DATA FOR REVIEW:
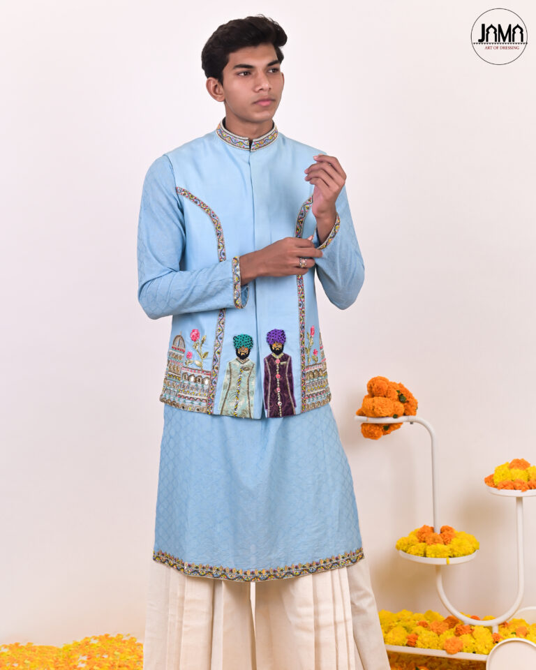 POWDER BLUE BUNDI SET WITH PLEATED PANTS
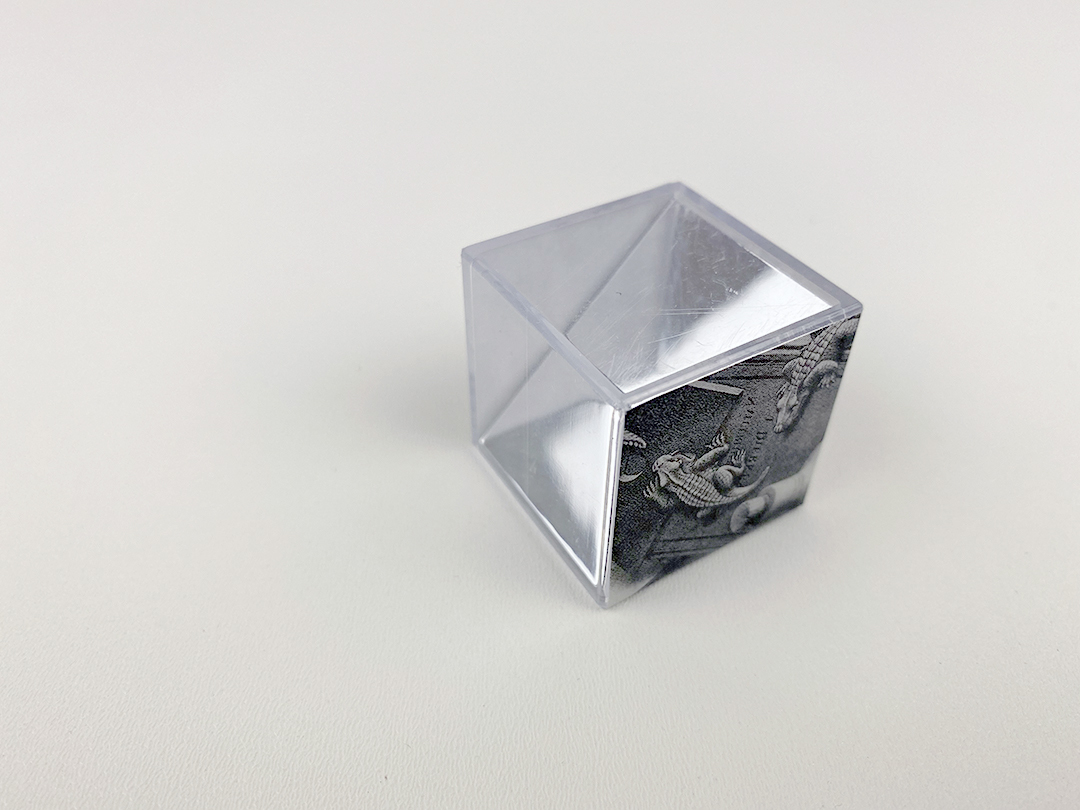 Каждый кубик имеет две прозрачные грани, которые взаимосвязаны между собой расположенным внутри кубика зеркалом. На остальных гранях располагаются фрагменты изображений Эшера:
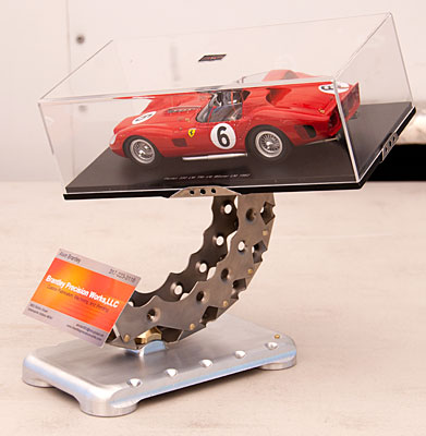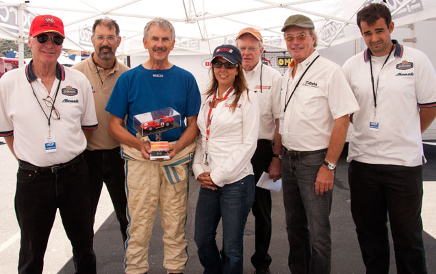 Rebecca Hale-Evans of Historic Grand Prix presents the 2011 Koni Heritage Award to Chris Bender.
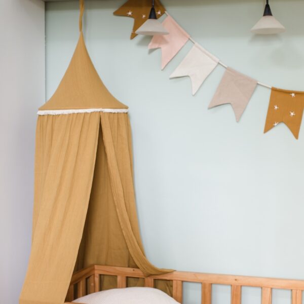 Dosel realizado en gasa 100% algodón, color crudo, rosa, gris claro, menta o avellana.
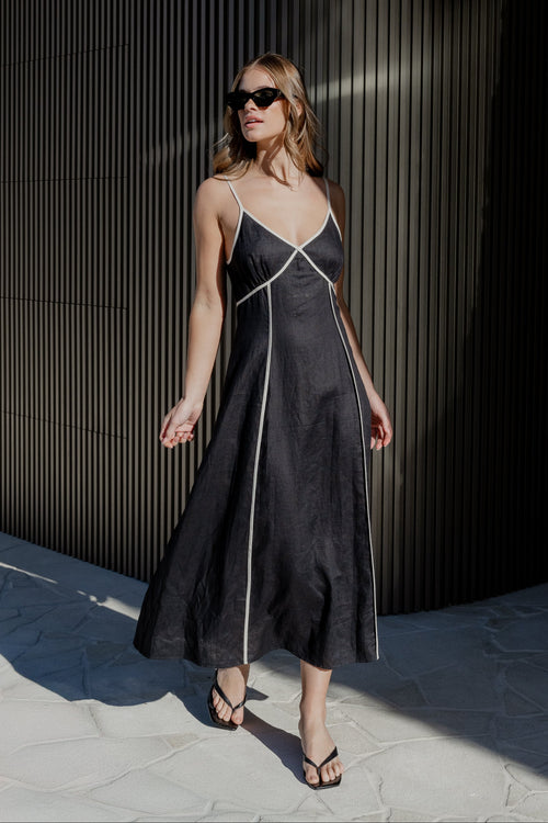 Marine Black Contrast Piped Linen Strappy Maxi Dress
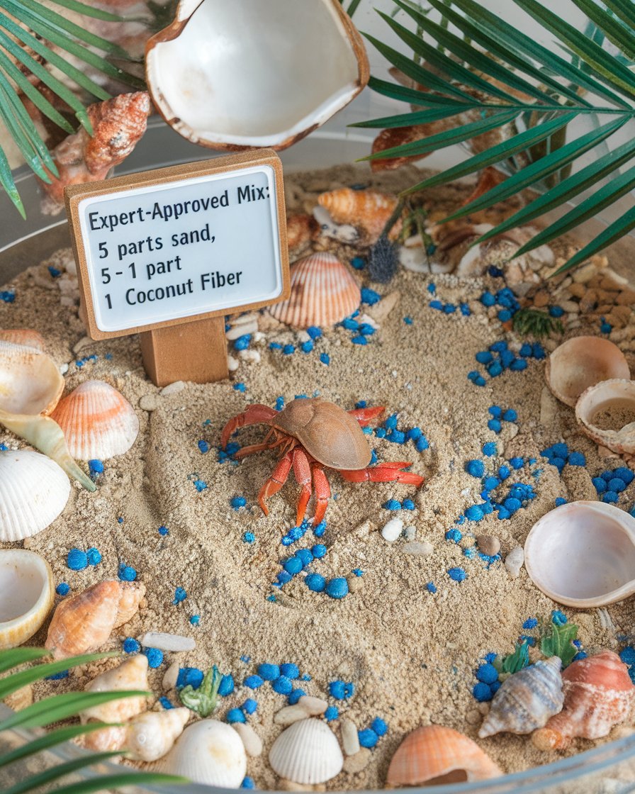 - Expert-recommended mixes, like a 5:1 sand to coconut fiber ratio, provide stability and moisture for optimal crab health.
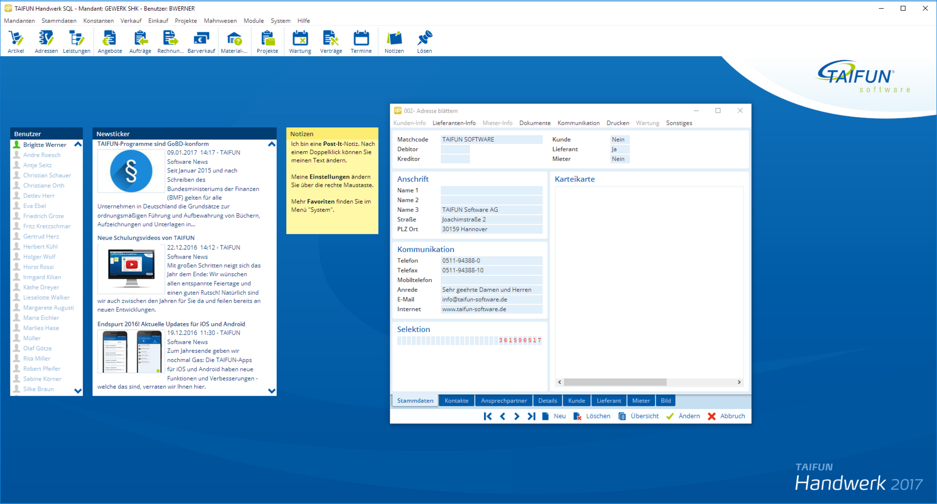 Die neue Version hat nicht nur in Sachen Funktion einiges zu bieten, sondern auch im Bereich Design hat sich viel getan: Alle TAIFUN-Programme und Zusatzmodule erstrahlen nun in neuem, modernen Design. Schlicht und einfach, in hellen Farben gehalten, um für Sie den besten Überblick und eine herausragende Nutzerfreundlichkeit zu gewähren. In Bedienung und Funktion bleibt TAIFUN genauso leistungsstark: Alle Menüpunkte, Funktionen und auch die Module befinden sich weiterhin an den bekannten Stellen.
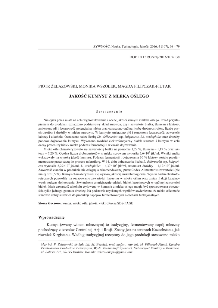 ŻYWNOŚĆ. Nauka. Technologia. Jakość, 2016, 4 (107), 66 – 79 DOI: 10.15193/zntj/2016/107/138 PIOTR ŻELAZOWSKI, MONIKA WSZOŁEK, MAGDA FILIPCZAK-FIUTAK JAKOŚĆ KUMYSU Z MLEKA OŚLEGO Streszczenie Niniejsza praca miała na celu wyprodukowanie i ocenę jakości kumysu z mleka oślego. Przed przystąpieniem do produkcji oznaczono podstawowy skład surowca, czyli zawartość białka, tłuszczu i laktozy, zmierzono pH i kwasowość potencjalną mleka oraz oznaczono ogólną liczbę drobnoustrojów, liczbę psychrotrofów i drożdży w mleku surowym. W kumysie zmierzono pH i oznaczono kwasowość, zawartość laktozy i alkoholu. Oznaczono także liczbę Lb. delbrueckii ssp. bulgaricus, Lb. acidophilus oraz drożdży podczas dojrzewania kumysu. Wykonano rozdział elektroforetyczny białek surowca i kumysu w celu oceny proteolizy białek mleka podczas fermentacji i w czasie dojrzewania. Mleko ośle charakteryzowało się zawartością białka na poziomie 1,29 %, tłuszczu – 1,17 % oraz laktozy – 7,20 %. Ogólna liczba drobnoustrojów w mleku surowym wynosiła 5,6×102 jtk/ml. Wyniki analiz wskazywały na wysoką jakość kumysu. Podczas fermentacji i dojrzewania 30 % laktozy zostało przefermentowane przez użytą do procesu mikroflorę. W 14. dniu dojrzewania liczba L. delbrueckii ssp. bulgaricus wynosiła 2,29×107 jtk/ml, L. acidophilus – 4,37×107 jtk/ml, natomiast drożdży – 1,12×107 jtk/ml. Zawartość etanolu w produkcie nie osiągnęła rekomendowanej przez Codex Alimentarius zawartości (nie mniej niż 0,5 %). Kumys charakteryzował się wysoką jakością mikrobiologiczną. Wyniki badań elektroforetycznych pozwoliły na oszacowanie zawartości lizozymu w mleku oślim oraz zmian frakcji kazeinowych podczas dojrzewania. Stwierdzono zmniejszenie udziału białek kazeinowych w ogólnej zawartości białek. Mała zawartość alkoholu etylowego w kumysie z mleka oślego mogła być spowodowana obecnością tylko jednego gatunku drożdży. Na podstawie uzyskanych wyników stwierdzono, że mleko ośle może stanowić dobry surowiec do produkcji napojów fermentowanych o cechach funkcjonalnych. Słowa kluczowe: kumys, mleko ośle, jakość, elektroforeza SDS-PAGE Wprowadzenie Kumys (zwany winem mlecznym) to tradycyjny, fermentowany napój mleczny pochodzący z terenów Centralnej Azji i Rosji. Znany jest na terenach Kazachstanu, jak również Kirgistanu. Według tradycyjnej receptury do jego produkcji stosowano mleko Mgr inż. P. Żelazowski, dr hab. inż. M. Wszołek, prof. nadzw., mgr inż. M. Filipczak-Fiutak, Katedra Przetwórstwa Produktów Zwierzęcych, Wydz. Technologii Żywności, Uniwersytet Rolniczy w Krakowie, ul. Balicka 122, 30-149 Kraków. Kontakt: [email protected] JAKOŚĆ KUMYSU Z MLEKA OŚLEGO 67 klaczy zaszczepiane kumysem. Ostateczny skład, a także charakterystyczny smak tego napoju kształtował się na skutek działalności bakterii fermentacji mlekowej i drożdży. Spożycie kumysu jest w znacznej mierze ograniczone przez czynniki geograficzne i nie zostało spopularyzowane w Europie. W regionie Azji Środkowej kumysowi przypisuje się właściwości prozdrowotne, poprawiające metabolizm, usprawniające prace systemu nerwowego i nerek. Ze względu na surowiec (mleko klaczy), z którego jest produkowany, kumys o małej zawartości alkoholu stanowi bezpieczny produkt spożywczy dla dzieci obarczonych alergiami pokarmowymi. Istnieje możliwość wykorzystania do produkcji kumysu mleka oślego i wielbłądziego, jak również mleka krowiego o zmodyfikowanym składzie [10]. Kumys to rodzaj mleka fermentowanego, którego walory sensoryczne, skład chemiczny i właściwości są wynikiem działania bakterii fermentacji mlekowej oraz prowadzonej przez drożdże fermentacji alkoholowej [4]. Według Codex Alimentarius [29] mleko fermentowane powinno zawierać nie więcej niż 10 % tłuszczu mlecznego, minimum 0,7 % kwasu mlekowego oraz, tylko w odniesieniu do kumysu, 0,5 % (v/m) etanolu. Standard ten wskazuje również, że w składzie charakterystycznej mikroflory kumysu powinny znajdować się pałeczki Lactobacillus delbrueckii ssp. bulgaricus oraz drożdże Kluyveromyces marxianus. Inni autorzy [26, 31] podają szerszą grupę drobnoustrojów wchodzących w skład tego napoju: − bakterie z rodzaju Lactobacillus (Lb. delbrueckii subsp. bulgaricus, Lb. acidophilus), − drożdże fermentujące laktozę z rodzaju Saccharomyces spp., Kluyveromyces marxianus var. marxianus i Candida koumiss, − drożdże niefermentujące laktozy, m.in. z gatunku Saccharomyces cartilaginosus, − drożdże niefermentujące cukrów z rodzaju Mycoderma spp. W ciągu ostatnich lat wzrosło zainteresowanie poszukiwaniem mleka, które mogłoby stanowić alternatywę dla mleka kobiecego, a jednocześnie charakteryzowałoby się podobnym składem chemicznym i właściwościami. Spośród różnych gatunków mleka duże zainteresowanie wzbudza mleko ośle ze względu na wyjątkowe właściwości immunologiczne oraz skład chemiczny najbardziej zbliżony do mleka kobiecego. Skład mleka oślego znacząco odbiega od mleka krowiego. Mleko to zawiera mniej suchej masy, białka i tłuszczu. Ponadto charakteryzuje się większą zawartością laktozy. Cechy tego mleka wpływają na jego właściwości i zastosowanie [30]. Niniejsza praca miała na celu wyprodukowanie i ocenę jakości kumysu z mleka oślego. 68 Piotr Żelazowski, Monika Wszołek, Magda Filipczak-Fiutak Materiał i metody badań Materiał doświadczalny stanowiło mleko ośle pochodzące od oślic z hodowli z okolic Wrocławia. Do produkcji kumysu przeznaczono mleko pasteryzowane w temp. 72 ºC przez 15 s, które schładzano i zaszczepiano trzema gatunkami drobnoustrojów: drożdżami Kluyveromyces marxianus, kulturą liofilizowaną LaF 4, zgodnie z zaleceniami producenta (10 U na 1000 litrów mleka), pałeczkami mlekowymi Lactobacillus acidophilus z termofilnej szczepionki LA-5, w której liczba komórek odpowiadała 1×101
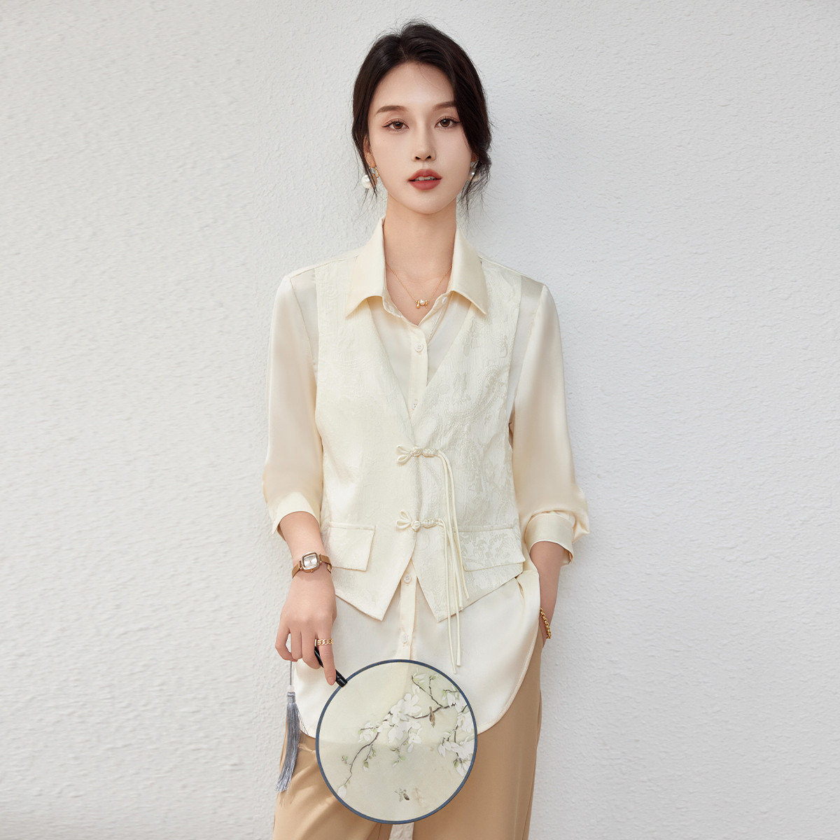【假两件衬衫】春秋新中式盘扣设计感衬衣女气质优雅上衣 069087

PROBLEM TO WORK ON: Restate the data above word for word, so that the only difference is the missing pictures.

RESULT OF THE TASK:
 POWDER BLUE BUNDI SET WITH PLEATED PANTS
 Каждый кубик имеет две прозрачные грани, которые взаимосвязаны между собой расположенным внутри кубика зеркалом. На остальных гранях располагаются фрагменты изображений Эшера:
 Rebecca Hale-Evans of Historic Grand Prix presents the 2011 Koni Heritage Award to Chris Bender.
 Dosel realizado en gasa 100% algodón, color crudo, rosa, gris claro, menta o avellana.
 Marine Black Contrast Piped Linen Strappy Maxi Dress
 - Expert-recommended mixes, like a 5:1 sand to coconut fiber ratio, provide stability and moisture for optimal crab health.
 Die neue Version hat nicht nur in Sachen Funktion einiges zu bieten, sondern auch im Bereich Design hat sich viel getan: Alle TAIFUN-Programme und Zusatzmodule erstrahlen nun in neuem, modernen Design. Schlicht und einfach, in hellen Farben gehalten, um für Sie den besten Überblick und eine herausragende Nutzerfreundlichkeit zu gewähren. In Bedienung und Funktion bleibt TAIFUN genauso leistungsstark: Alle Menüpunkte, Funktionen und auch die Module befinden sich weiterhin an den bekannten Stellen.
 ŻYWNOŚĆ. Nauka. Technologia. Jakość, 2016, 4 (107), 66 – 79 DOI: 10.15193/zntj/2016/107/138 PIOTR ŻELAZOWSKI, MONIKA WSZOŁEK, MAGDA FILIPCZAK-FIUTAK JAKOŚĆ KUMYSU Z MLEKA OŚLEGO Streszczenie Niniejsza praca miała na celu wyprodukowanie i ocenę jakości kumysu z mleka oślego. Przed przystąpieniem do produkcji oznaczono podstawowy skład surowca, czyli zawartość białka, tłuszczu i laktozy, zmierzono pH i kwasowość potencjalną mleka oraz oznaczono ogólną liczbę drobnoustrojów, liczbę psychrotrofów i drożdży w mleku surowym. W kumysie zmierzono pH i oznaczono kwasowość, zawartość laktozy i alkoholu. Oznaczono także liczbę Lb. delbrueckii ssp. bulgaricus, Lb. acidophilus oraz drożdży podczas dojrzewania kumysu. Wykonano rozdział elektroforetyczny białek surowca i kumysu w celu oceny proteolizy białek mleka podczas fermentacji i w czasie dojrzewania. Mleko ośle charakteryzowało się zawartością białka na poziomie 1,29 %, tłuszczu – 1,17 % oraz laktozy – 7,20 %. Ogólna liczba drobnoustrojów w mleku surowym wynosiła 5,6×102 jtk/ml. Wyniki analiz wskazywały na wysoką jakość kumysu. Podczas fermentacji i dojrzewania 30 % laktozy zostało przefermentowane przez użytą do procesu mikroflorę. W 14. dniu dojrzewania liczba L. delbrueckii ssp. bulgaricus wynosiła 2,29×107 jtk/ml, L. acidophilus – 4,37×107 jtk/ml, natomiast drożdży – 1,12×107 jtk/ml. Zawartość etanolu w produkcie nie osiągnęła rekomendowanej przez Codex Alimentarius zawartości (nie mniej niż 0,5 %). Kumys charakteryzował się wysoką jakością mikrobiologiczną. Wyniki badań elektroforetycznych pozwoliły na oszacowanie zawartości lizozymu w mleku oślim oraz zmian frakcji kazeinowych podczas dojrzewania. Stwierdzono zmniejszenie udziału białek kazeinowych w ogólnej zawartości białek. Mała zawartość alkoholu etylowego w kumysie z mleka oślego mogła być spowodowana obecnością tylko jednego gatunku drożdży. Na podstawie uzyskanych wyników stwierdzono, że mleko ośle może stanowić dobry surowiec do produkcji napojów fermentowanych o cechach funkcjonalnych. Słowa kluczowe: kumys, mleko ośle, jakość, elektroforeza SDS-PAGE Wprowadzenie Kumys (zwany winem mlecznym) to tradycyjny, fermentowany napój mleczny pochodzący z terenów Centralnej Azji i Rosji. Znany jest na terenach Kazachstanu, jak również Kirgistanu. Według tradycyjnej receptury do jego produkcji stosowano mleko Mgr inż. P. Żelazowski, dr hab. inż. M. Wszołek, prof. nadzw., mgr inż. M. Filipczak-Fiutak, Katedra Przetwórstwa Produktów Zwierzęcych, Wydz. Technologii Żywności, Uniwersytet Rolniczy w Krakowie, ul. Balicka 122, 30-149 Kraków. Kontakt: [email protected] JAKOŚĆ KUMYSU Z MLEKA OŚLEGO 67 klaczy zaszczepiane kumysem. Ostateczny skład, a także charakterystyczny smak tego napoju kształtował się na skutek działalności bakterii fermentacji mlekowej i drożdży. Spożycie kumysu jest w znacznej mierze ograniczone przez czynniki geograficzne i nie zostało spopularyzowane w Europie. W regionie Azji Środkowej kumysowi przypisuje się właściwości prozdrowotne, poprawiające metabolizm, usprawniające prace systemu nerwowego i nerek. Ze względu na surowiec (mleko klaczy), z którego jest produkowany, kumys o małej zawartości alkoholu stanowi bezpieczny produkt spożywczy dla dzieci obarczonych alergiami pokarmowymi. Istnieje możliwość wykorzystania do produkcji kumysu mleka oślego i wielbłądziego, jak również mleka krowiego o zmodyfikowanym składzie [10]. Kumys to rodzaj mleka fermentowanego, którego walory sensoryczne, skład chemiczny i właściwości są wynikiem działania bakterii fermentacji mlekowej oraz prowadzonej przez drożdże fermentacji alkoholowej [4]. Według Codex Alimentarius [29] mleko fermentowane powinno zawierać nie więcej niż 10 % tłuszczu mlecznego, minimum 0,7 % kwasu mlekowego oraz, tylko w odniesieniu do kumysu, 0,5 % (v/m) etanolu. Standard ten wskazuje również, że w składzie charakterystycznej mikroflory kumysu powinny znajdować się pałeczki Lactobacillus delbrueckii ssp. bulgaricus oraz drożdże Kluyveromyces marxianus. Inni autorzy [26, 31] podają szerszą grupę drobnoustrojów wchodzących w skład tego napoju: − bakterie z rodzaju Lactobacillus (Lb. delbrueckii subsp. bulgaricus, Lb. acidophilus), − drożdże fermentujące laktozę z rodzaju Saccharomyces spp., Kluyveromyces marxianus var. marxianus i Candida koumiss, − drożdże niefermentujące laktozy, m.in. z gatunku Saccharomyces cartilaginosus, − drożdże niefermentujące cukrów z rodzaju Mycoderma spp. W ciągu ostatnich lat wzrosło zainteresowanie poszukiwaniem mleka, które mogłoby stanowić alternatywę dla mleka kobiecego, a jednocześnie charakteryzowałoby się podobnym składem chemicznym i właściwościami. Spośród różnych gatunków mleka duże zainteresowanie wzbudza mleko ośle ze względu na wyjątkowe właściwości immunologiczne oraz skład chemiczny najbardziej zbliżony do mleka kobiecego. Skład mleka oślego znacząco odbiega od mleka krowiego. Mleko to zawiera mniej suchej masy, białka i tłuszczu. Ponadto charakteryzuje się większą zawartością laktozy. Cechy tego mleka wpływają na jego właściwości i zastosowanie [30]. Niniejsza praca miała na celu wyprodukowanie i ocenę jakości kumysu z mleka oślego. 68 Piotr Żelazowski, Monika Wszołek, Magda Filipczak-Fiutak Materiał i metody badań Materiał doświadczalny stanowiło mleko ośle pochodzące od oślic z hodowli z okolic Wrocławia. Do produkcji kumysu przeznaczono mleko pasteryzowane w temp. 72 ºC przez 15 s, które schładzano i zaszczepiano trzema gatunkami drobnoustrojów: drożdżami Kluyveromyces marxianus, kulturą liofilizowaną LaF 4, zgodnie z zaleceniami producenta (10 U na 1000 litrów mleka), pałeczkami mlekowymi Lactobacillus acidophilus z termofilnej szczepionki LA-5, w której liczba komórek odpowiadała 1×101
【假两件衬衫】春秋新中式盘扣设计感衬衣女气质优雅上衣 069087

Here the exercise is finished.